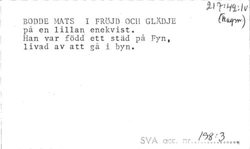 //// BODDE MATS I FRÖJD OCH GLÄDJE (hfyr) //// på en lillan enekvist. //// Han var född ett städ på Fyn, //// livad av att gä i byn. //// S A QCC, * , $ * j^aao»; ////
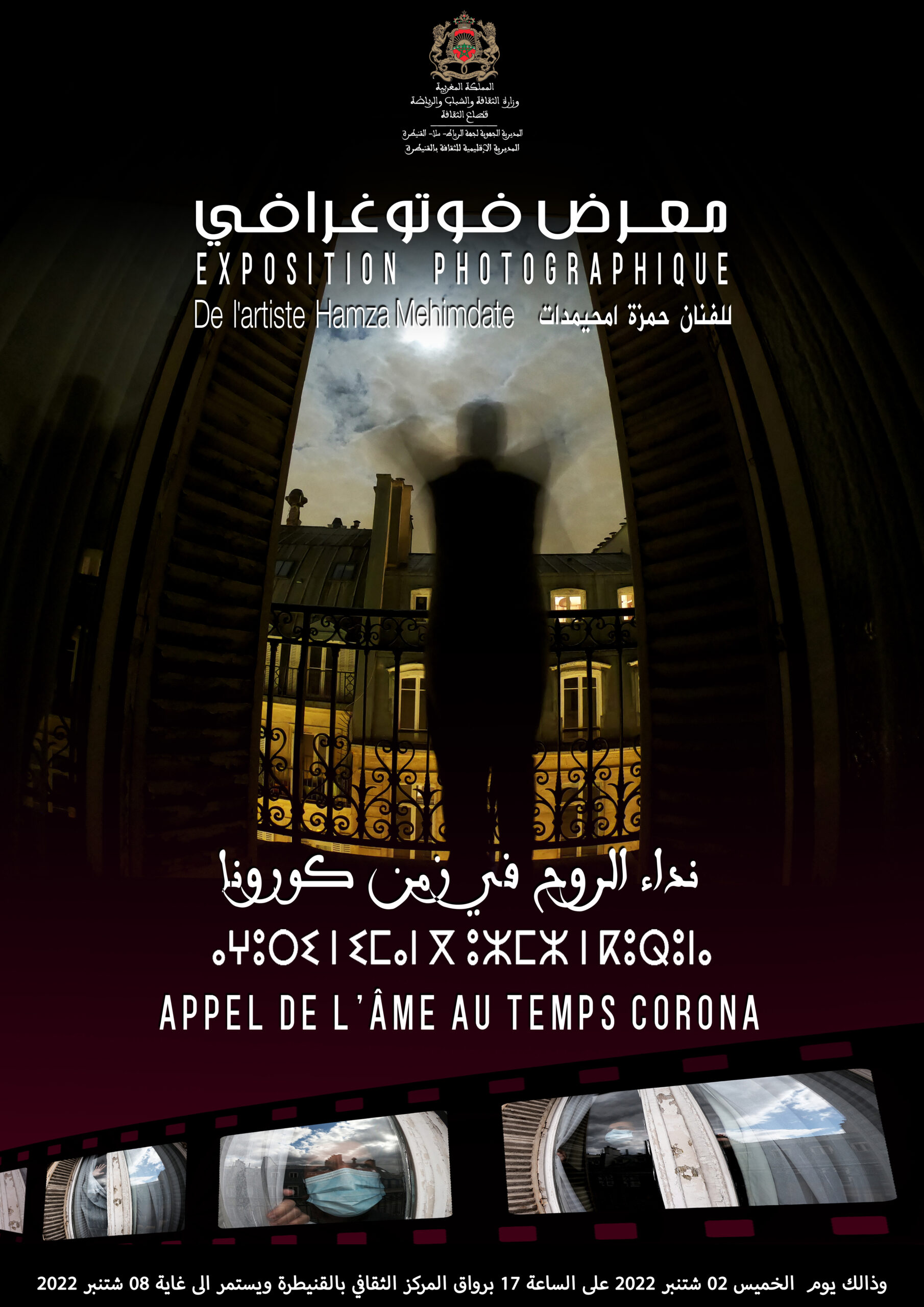 بعد عرض أول لمعرضه الفوتوغرافي الذي اختار له عنوان “نداء الروح في زمن كورونا”، بمدينة الرباط، يحط الفنان الفوتوغرافي حمزة محيمدات بمعرضه في مدينة القنيطرة برواق المركز الثقافي ما بين 02 و8 شتنبر 2022، بدعم من المديرية الاقليمية لقطاع الثقافة.
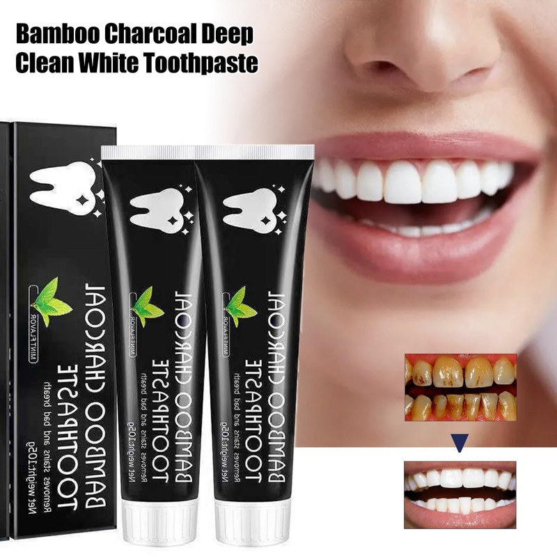 - Upgraded Tooth Color After using this black bamboo charcoal toothpaste for a period of time, the color of your teeth has improved significantly. Long accumulated tobacco and tea stains are gradually reduced and the teeth become whiter and brighter. This is because the cleaning and adsorption effect of bamboo charcoal can restore the natural whiteness of your teeth and give you a confident smile.

----------

▸ **Required work**
Please output exactly the lines of the data above, from its first line through the line with "بعد عرض أول", and nothing else; drop the pictures.

▸ **Result for this task**
 //// BODDE MATS I FRÖJD OCH GLÄDJE (hfyr) //// på en lillan enekvist. //// Han var född ett städ på Fyn, //// livad av att gä i byn. //// S A QCC, * , $ * j^aao»; ////
 بعد عرض أول لمعرضه الفوتوغرافي الذي اختار له عنوان “نداء الروح في زمن كورونا”، بمدينة الرباط، يحط الفنان الفوتوغرافي حمزة محيمدات بمعرضه في مدينة القنيطرة برواق المركز الثقافي ما بين 02 و8 شتنبر 2022، بدعم من المديرية الاقليمية لقطاع الثقافة.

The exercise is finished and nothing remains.